(Stored dataset items)
BEGIN

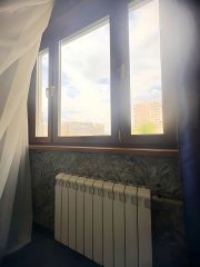 балкон: полностью остеклен, сделана отделка, есть светильник. Шум с улицы не слышен, так как дом расположен перпендикулярно дороге
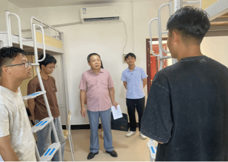 在学生宿舍里,院领导详细了解同学们的生活状况,关切询问新生步入大学的生活适应情况,耐心解答新生提出的问题。在走访过程中,院领导对宿舍的整洁环境给予高度评价,鼓励同学们保持良好生活习惯,营造和谐温馨的宿舍文化。
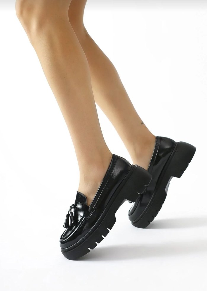 Siyah parlak platform topuklu kadın oxford ayakkabılar, tokalı detaylara ve kauçuk malzemeye sahiptir. Minimalist goth tarzında, ofis için uygundur. Limoya loafer makosen ayakkabı. Çok rahat ayakkabı, benzer modelden elimde olduğu için satıyorum. Topuk 4 cm
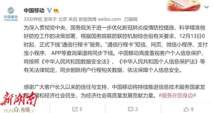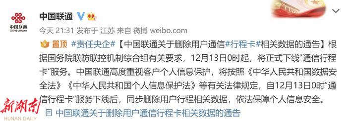 记者注意到,12月12日,中国电信、中国联通、中国移动三大运营商相继表示,将按照《中华人民共和国数据安全法》、《中华人民共和国个人信息保护法》等有关法律规定,自12月13日0时“通信行程卡”服务下线后,同步删除用户行程相关数据,依法保障个人信息安全。
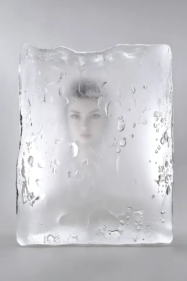 portrait photography of an elegant lady, shining through a thick layer of frosted ice texture, totally encased in translucent ice block with water droplets, on a white background, detailed, photographic, photorealistic, hyperrealistic --ar 2:3 --style raw --profile n4rt75m pmpsvxw --sw 700 --stylize 0
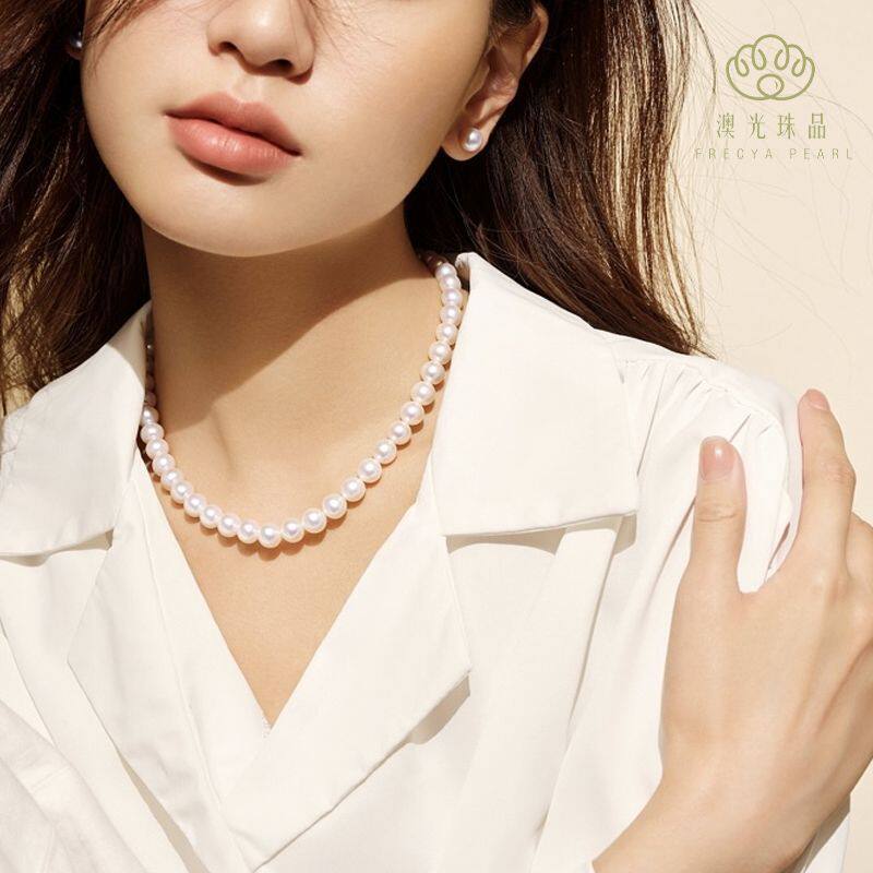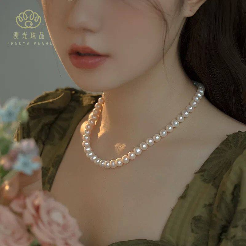 极光水晶澳白珍珠项链纯手工fever款正圆媲美淡水无核海水珍珠
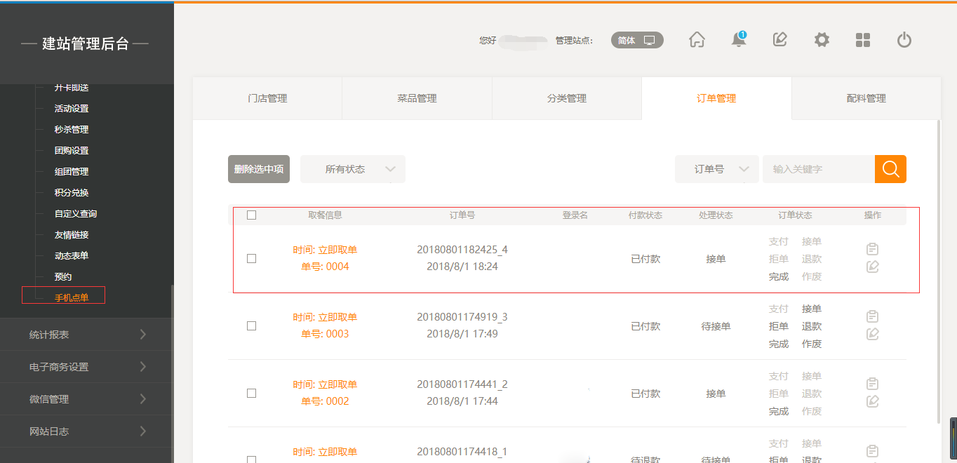 5.在“会员中心”中—“手机点单”中可以看到所有的订单详情,如图所示:
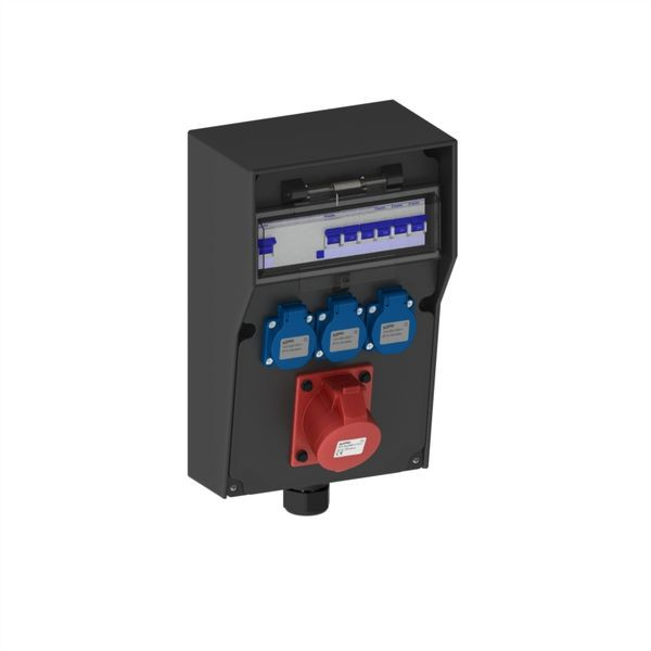 | Kurzbeschreibung | Wandverteiler Vollgummi 1xCEE32/5,3xSCH, MCB, RCD |
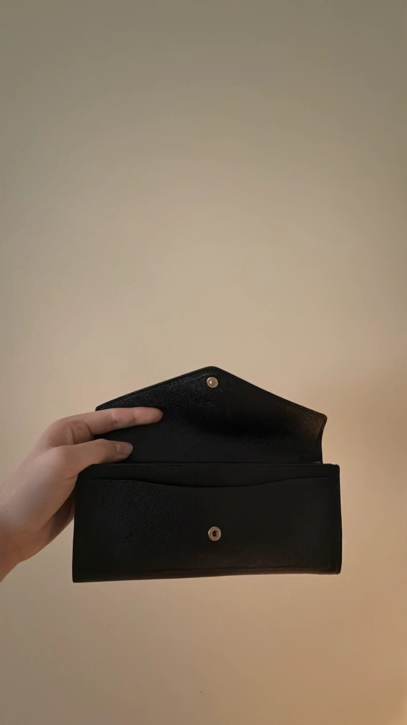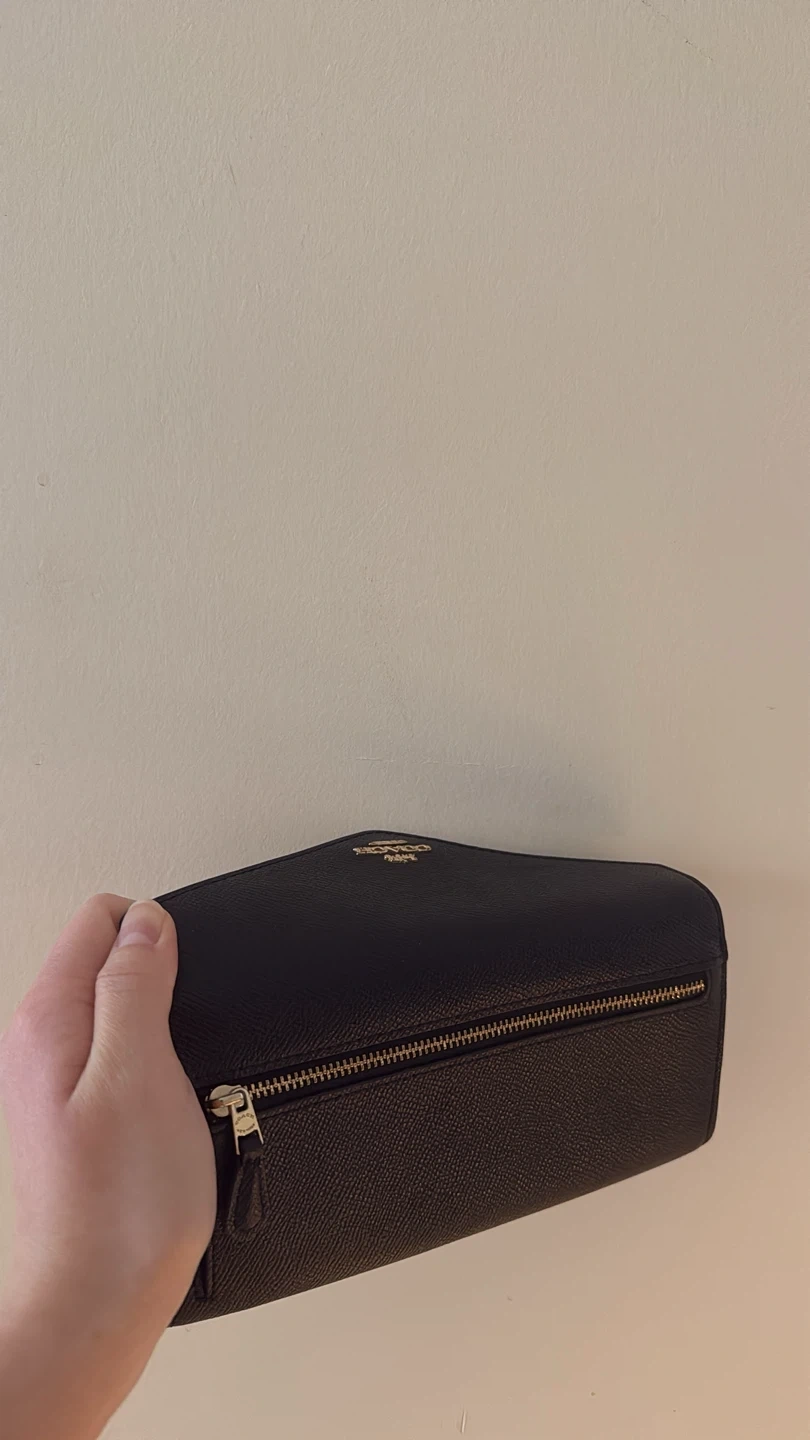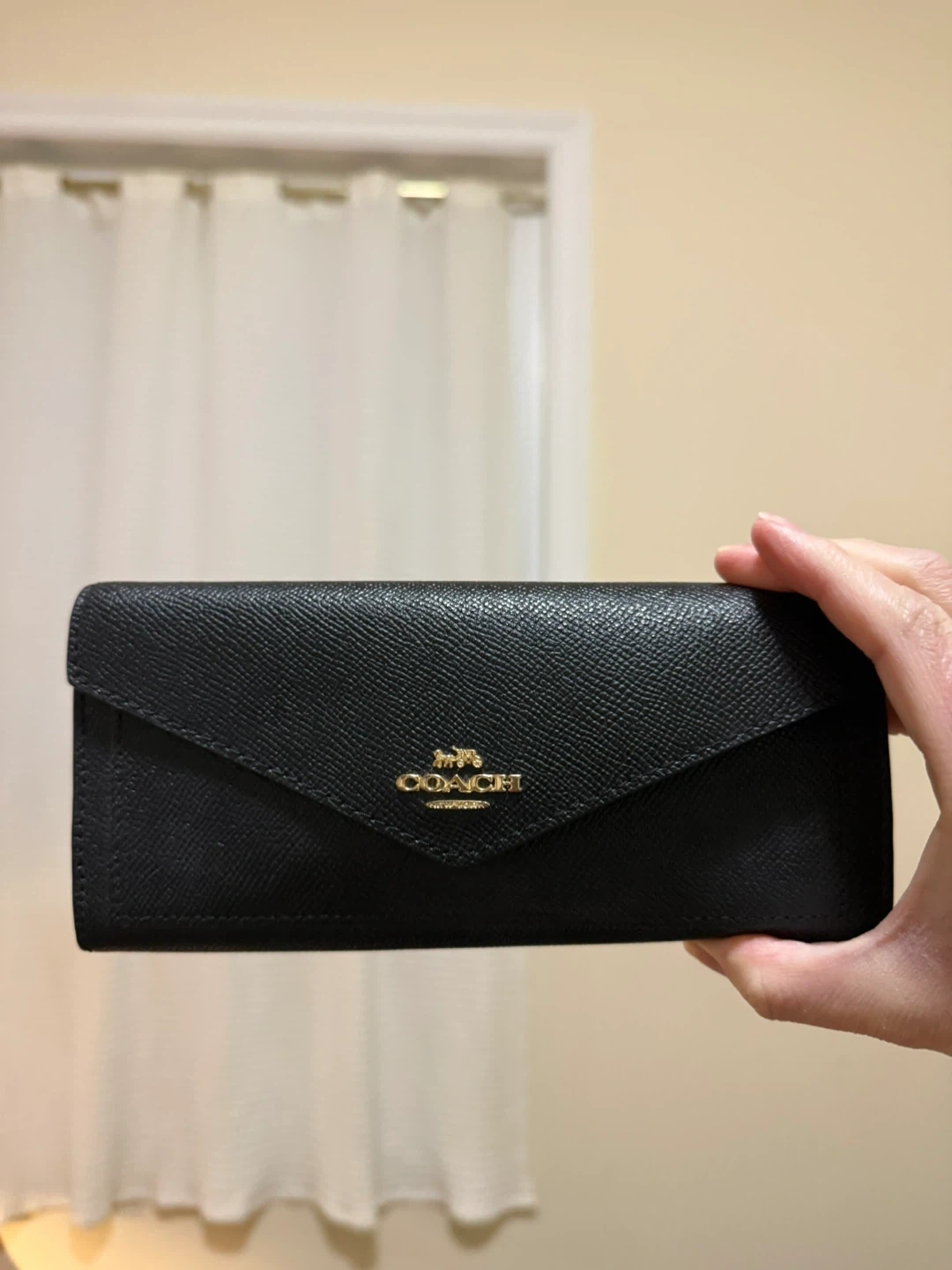 This is a black Coach wallet with a textured leather exterior and a gold-tone Coach logo. It features a snap closure and a zippered pocket. Multiple card slots and compartments are inside.
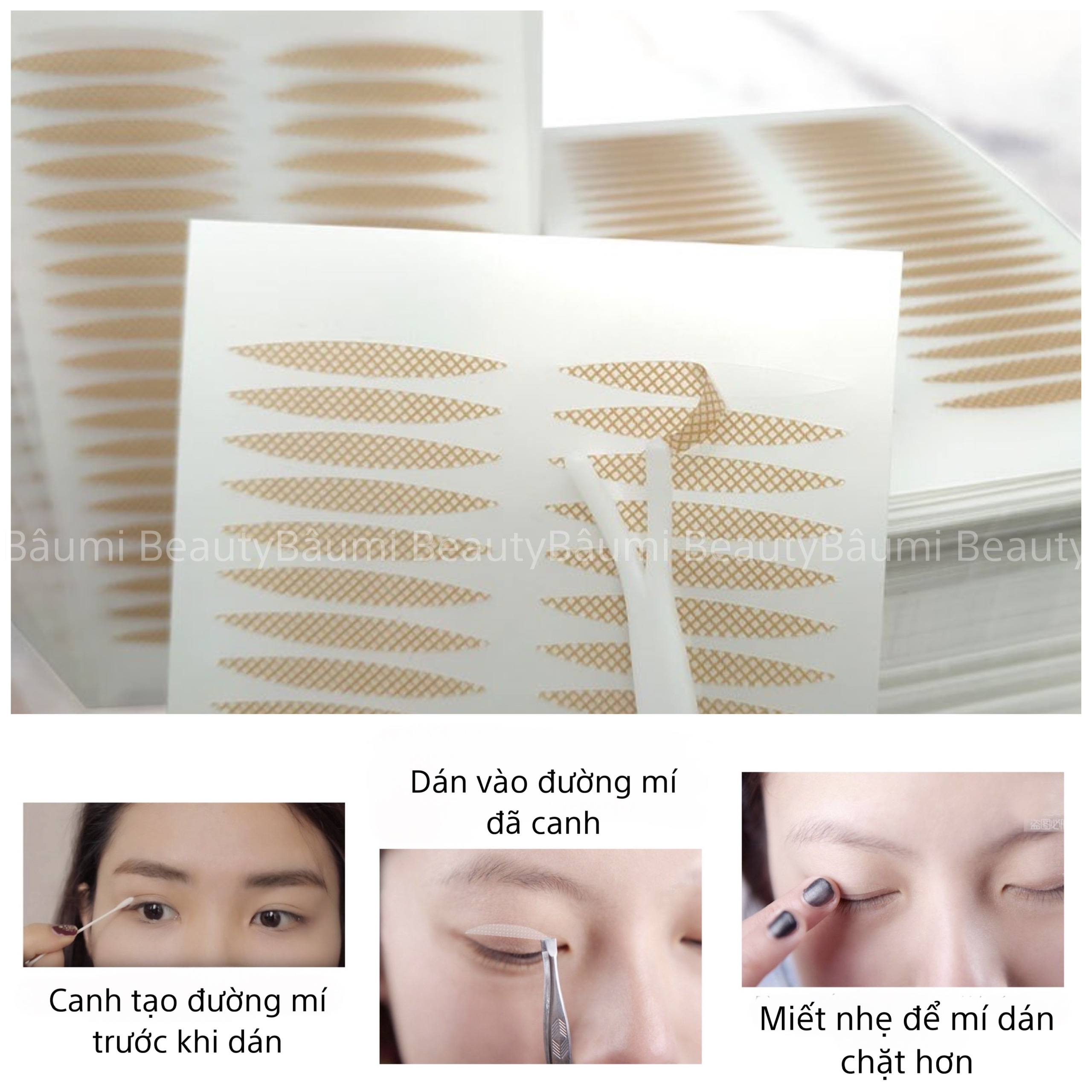 ** Nếu trang điểm thì dán lên mí sau khi trang điểm.
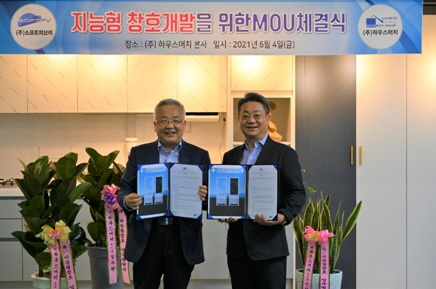 안현우 소프트피브이 대표(왼쪽)와 양경국 하우스머치 대표가 6월 4일 지능형 창호개발을 위한 MOU 체결식에서 협약서를 들고 기념 촬영을 하고 있다.(자료제공: 소프트피브이)

END

WHAT IS EXPECTED:
Begin with the first line of the records and repeat every line up to the one with "1xCEE32/5,3xSCH, MCB, RCD |", counting that line too. Pictures are not part of the copy.

ANSWER BOX:
 балкон: полностью остеклен, сделана отделка, есть светильник. Шум с улицы не слышен, так как дом расположен перпендикулярно дороге
 在学生宿舍里,院领导详细了解同学们的生活状况,关切询问新生步入大学的生活适应情况,耐心解答新生提出的问题。在走访过程中,院领导对宿舍的整洁环境给予高度评价,鼓励同学们保持良好生活习惯,营造和谐温馨的宿舍文化。
 Siyah parlak platform topuklu kadın oxford ayakkabılar, tokalı detaylara ve kauçuk malzemeye sahiptir. Minimalist goth tarzında, ofis için uygundur. Limoya loafer makosen ayakkabı. Çok rahat ayakkabı, benzer modelden elimde olduğu için satıyorum. Topuk 4 cm
 记者注意到,12月12日,中国电信、中国联通、中国移动三大运营商相继表示,将按照《中华人民共和国数据安全法》、《中华人民共和国个人信息保护法》等有关法律规定,自12月13日0时“通信行程卡”服务下线后,同步删除用户行程相关数据,依法保障个人信息安全。
 portrait photography of an elegant lady, shining through a thick layer of frosted ice texture, totally encased in translucent ice block with water droplets, on a white background, detailed, photographic, photorealistic, hyperrealistic --ar 2:3 --style raw --profile n4rt75m pmpsvxw --sw 700 --stylize 0
 极光水晶澳白珍珠项链纯手工fever款正圆媲美淡水无核海水珍珠
 5.在“会员中心”中—“手机点单”中可以看到所有的订单详情,如图所示:
 | Kurzbeschreibung | Wandverteiler Vollgummi 1xCEE32/5,3xSCH, MCB, RCD |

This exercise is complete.